• _DATA BELOW_:
——

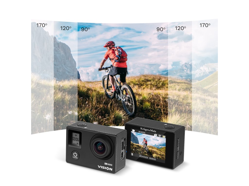 Športová kamera Kruger&Matz Vision L400 vám umožní nahrávať videá v kvalite 4K pri 30 snímkach za sekundu. Zariadenie podporuje aj kodek H.265! Takéto parametre zaručia, že zachytíte každý detail svojich najvzrušujúcejších dobrodružstiev.
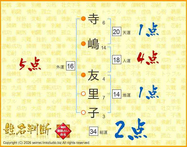 寺(6画)嶋(14画) 友(4画)里(7画)子(3画)
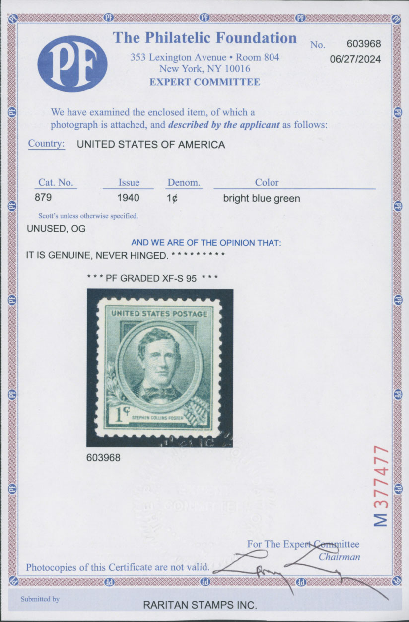 1939, Stephen C. Foster, Composer, 1c green, full OG, NH, XF-SUP95, PF certificate, Est. $80-$100 , Scott #879

——

• _DIRECTIONS_: Set down the data again, exactly, without images.

• _EXPECTED ANSWER_:
 Športová kamera Kruger&Matz Vision L400 vám umožní nahrávať videá v kvalite 4K pri 30 snímkach za sekundu. Zariadenie podporuje aj kodek H.265! Takéto parametre zaručia, že zachytíte každý detail svojich najvzrušujúcejších dobrodružstiev.
 寺(6画)嶋(14画) 友(4画)里(7画)子(3画)
 1939, Stephen C. Foster, Composer, 1c green, full OG, NH, XF-SUP95, PF certificate, Est. $80-$100 , Scott #879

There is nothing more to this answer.